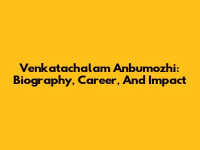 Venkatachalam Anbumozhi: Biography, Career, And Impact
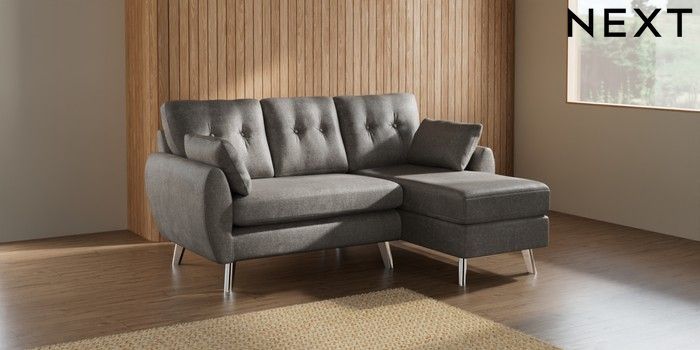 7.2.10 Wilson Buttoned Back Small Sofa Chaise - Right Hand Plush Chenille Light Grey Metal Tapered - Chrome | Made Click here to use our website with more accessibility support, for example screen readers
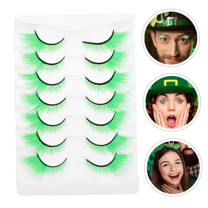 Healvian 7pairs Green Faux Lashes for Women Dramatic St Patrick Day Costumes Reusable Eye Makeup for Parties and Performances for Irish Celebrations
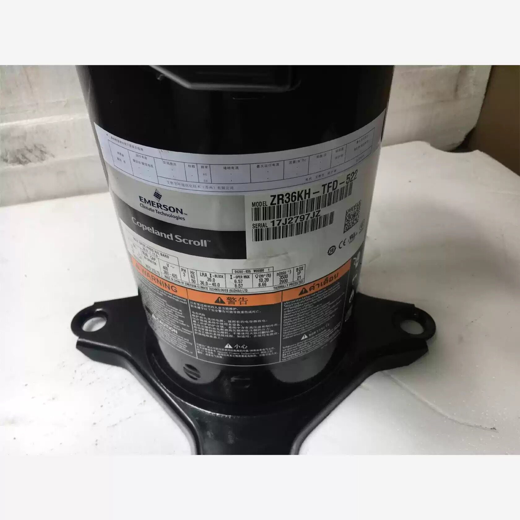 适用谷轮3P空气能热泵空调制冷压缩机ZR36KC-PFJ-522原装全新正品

....

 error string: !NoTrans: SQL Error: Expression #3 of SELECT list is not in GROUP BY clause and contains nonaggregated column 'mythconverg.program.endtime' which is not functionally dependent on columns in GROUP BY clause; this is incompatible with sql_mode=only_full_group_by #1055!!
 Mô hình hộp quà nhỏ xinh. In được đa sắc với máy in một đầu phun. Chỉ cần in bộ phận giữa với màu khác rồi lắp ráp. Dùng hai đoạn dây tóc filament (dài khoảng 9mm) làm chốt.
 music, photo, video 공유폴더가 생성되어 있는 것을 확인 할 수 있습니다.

....

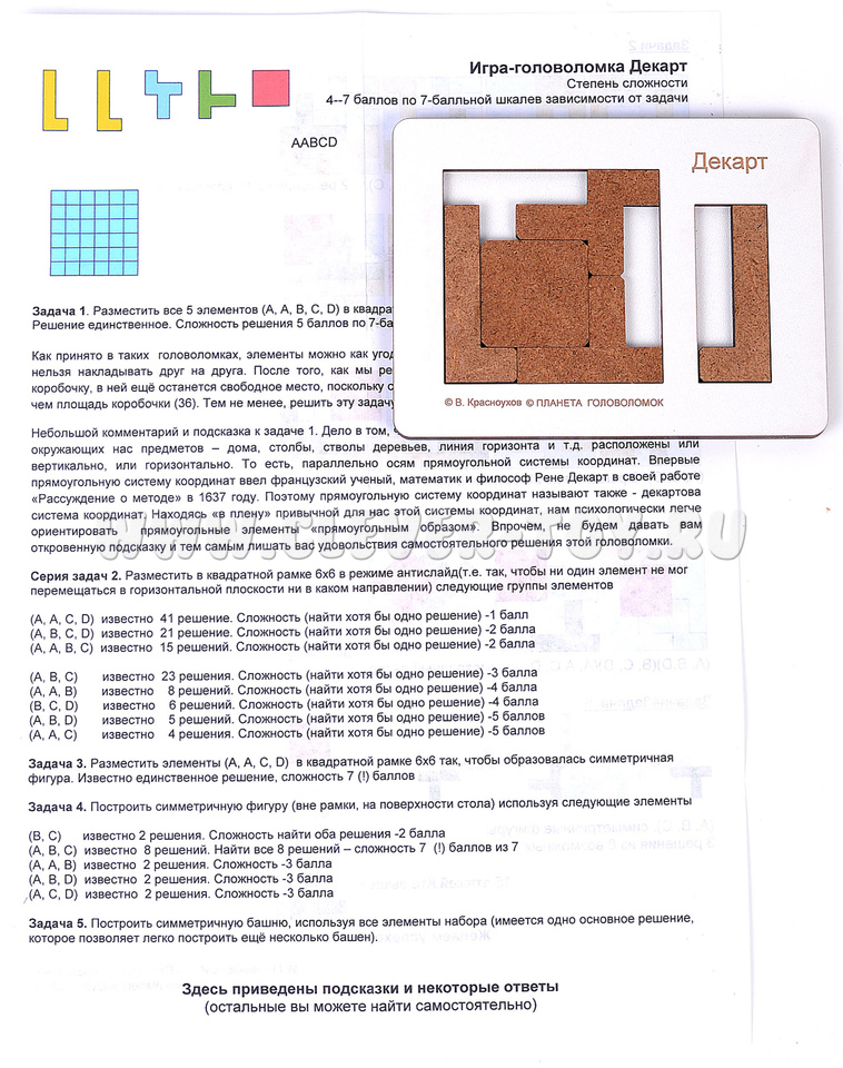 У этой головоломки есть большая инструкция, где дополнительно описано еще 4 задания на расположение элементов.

....

*Problem to solve*:
Set down exactly the lines above, from the line containing "7.2.10 Wilson Buttoned" through the line containing "适用谷轮3P空气能热泵空调制冷压缩机ZR36KC-PFJ-522原装全新正品". Skip the pictures.

*Result for this task*:
 7.2.10 Wilson Buttoned Back Small Sofa Chaise - Right Hand Plush Chenille Light Grey Metal Tapered - Chrome | Made Click here to use our website with more accessibility support, for example screen readers
 Healvian 7pairs Green Faux Lashes for Women Dramatic St Patrick Day Costumes Reusable Eye Makeup for Parties and Performances for Irish Celebrations
 适用谷轮3P空气能热泵空调制冷压缩机ZR36KC-PFJ-522原装全新正品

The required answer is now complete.